Пересветов заставил себя успокоиться. Между тем руки его уже торопливо стучали по клавиатуре, набирая электронный адрес Ярого. Уже через две минуты динамик компьютера послал едва слышный успокаивающий звук.

У Пересветова дрожали руки, когда он доставал из разъема пластинку флэш-памяти. Он знал, что цена этой маленькой новомодной палочки – многие десятки тысяч жизней. И вряд ли еще у кого-нибудь, кроме генерала Гвания, есть такая же. Ну что ж, он постарается, чтобы на этой пластинке были записаны новые сведения не только о Гвания, но и о Тимуре Бертимиеве. Только бы успеть вернуться из Чечни!

* * *

Анна Петровна все еще растерянно стояла посреди своей просторной прихожей, а взгляд её по-прежнему был обращен к двери. Она как будто боялась, что сейчас муж вернется и скажет с обычной своей иронией, что он пошутил, что просто испытывал ее. И заберет деньги, оставив ей обычную тысячу и еще немного, только на хозяйственные расходы сегодняшнего дня. А потом, вечером, она вручит ему точный отчет о тратах. Но дверь по-прежнему была закрыта, Сидоренко не возвращался, и деньги стали оттягивать ей руки.

– Мам, ты чего? Что это у тебя? – Илья удивленно протирал глаза и осторожно прикоснулся к целлофановой обертке на пачках с долларами.

– Отец оставил.

– Шутишь… – недоверчиво протянул Илья. – А на что он их оставил? Что-то купить велел?

– Нет… – Анна Петровна устало села на пуфик. – Сказал, чтобы я открыла счет на свое имя.

– Так и сказал? – Илья взвесил в руках увесистые упаковки. – Он что, заболел?

– Илья! – Анна Петровна и сама начала подумывать, что с мужем что-то не так. Он и ел как-то без аппетита, и вел себя подозрительно тихо, совсем не иронизируя насчет ее утренней просьбы. Она хотела рассказать сыну, что он смотрел ей прямо в глаза, и смотрел как-то по-хорошему, совсем как в молодости… но вместо этого сказала: – Он назвал меня – дорогая.

– Да-а-а? – протянул Илья. – Тогда он точно заболел!

– Илья! – опять прикрикнула Анна Петровна. – Он же твой отец!

– Да, а тебе муж, поэтому ты его так не… – Но тут Илья увидел глаза матери и заставил себя замолчать.

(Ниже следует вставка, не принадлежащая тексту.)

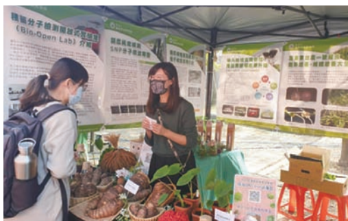
圖 9-4、第二十七屆種苗節慶祝大會暨農業成果展，本場展出同仁向參展民眾解說展項內容與合影

Что это он, в самом деле… разве она первая, кто взамен заботливого жениха получил деспотичного мужа? Нет, он будет не таким! И вообще, поскорей бы вырваться из этого дома, где все насквозь пропитано фальшью. И где даже прислуга говорит так, как будто на самом деле подразумевает нечто другое. Где он хорошо чувствовал себя только в комнате сестренок. И то, наверное, потому, что отец туда почти не заходил.

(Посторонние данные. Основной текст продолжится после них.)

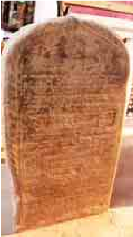
ဟန်လင်းကျောက်စာ

မြန်မာနိုင်ငံမှ ပျူမြို့ဟောင်းများဖြစ်သည့် ဟန်လင်း၊ သရေခေတ္တရာနှင့် ဝိဿနိုးမြို့တို့အား ယူနက်စကိုအဖွဲ့က ကမ္ဘာ့ယဉ်ကျေးမှုအမွေအနှစ်ဒေသများအဖြစ် ၂၀၁၄ခုနှစ် ဇူလိုင် ၁၈ ရက်က သတ်မှတ်ကြေညာပြီးသည့် နောက်ဝယ်ပြည်တွင်း ပြည်ပမှ ခရီးသွားများ ဟန်လင်းသို့ ယခင်ကထက် များစွာသွားရောက်လည်ပတ်လျက်ရှိနေပါသည်။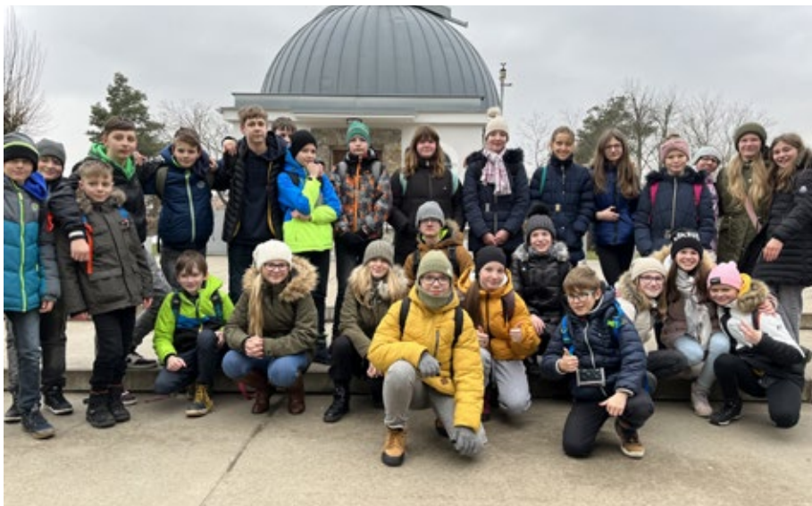
Dne 27. ledna 2023 vyrazila třída prima A do Hvězdárny a planetária Brno. Žáci zhlédli představení Hvězdňý cirkus o historii vesmíru a vyzkoušeli si přístroje před planetáriem.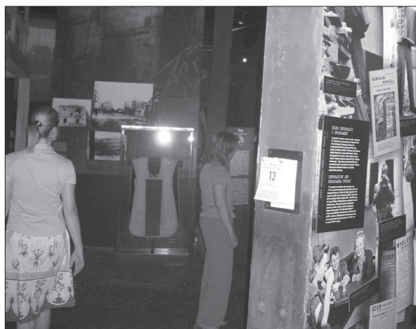
Figura 2. Vistas del interior del Memorial polaco, en Varsovia.

Los países que han sufrido conflictos bélicos como los que estamos comentando, tienen obviamente su Museo-memorial; Francia lo elevó en Verdún, Alemania en Berchtesgaden, pero ambos países han tratado su trágica historia contemporánea en sus grandes museos nacionales; en el caso alemán, en el impresionante Museo de Historia de Alemania en Berlín. El último país que ha construido su museo memorial ha sido Polonia, en un equipamiento sin precedentes en Europa instalado en una antigua fábrica, en lo que fue el ghetto de Varsovia. Otros países, como la Gran Bretaña ya incorporaron este tema en el Museo Imperial de la Guerra y en los últimos años del siglo XX le añadieron el gran equipamiento del búnker desde donde Churchill dirigió la Segunda Guerra Mundial, y que como es bien sabido ha sido una de las inversiones más suculentas en museografía de la capital del Reino Unido.

– Илья, ты съездишь со мной в банк? Я боюсь, такие деньги… – Анна Петровна принесла целлофановый пакет «майку» и сложила туда упаковки. – Господи, я теперь смогу заплатить сразу вперед, за несколько лет вперед.

– Ну ты, мам, даешь! Зачем за наших стариков вперед платить? Вдруг они… – Но тут Илья моментально получил такую оплеуху, что слезы градом посыпались у него из глаз. – Мам, ты чего! Я хотел сказать, вдруг они поправятся! Ну, ты даешь… – Подросток не на шутку обиделся и хотел увернуться от материных объятий.

– Ну прости, пожалуйста… прости….

Утренние дела заставили их на время забыть о деньгах, но уже к обеду мать и сын все-таки собрались и повезли их в банк. Вернее, в банки. Они еще дома решили раскидать всю сумму по нескольким банкам, причем часть Анна Петровна решила положить на имя сына. Так, на всякий случай.

После обеда они вчетвером отправились в лечебницу – к старикам. И всю дорогу, сидя рядом с сыном, Анна Петровна нет-нет, да и вспоминала глаза мужа. Да полно, мужа ли глаза смотрели на нее? Ей становилось страшно от своих мыслей, она ругала себя за фантазии, но сердце, как метроном, радостно отстукивало только одно слово: «дорогая», «дорогая»…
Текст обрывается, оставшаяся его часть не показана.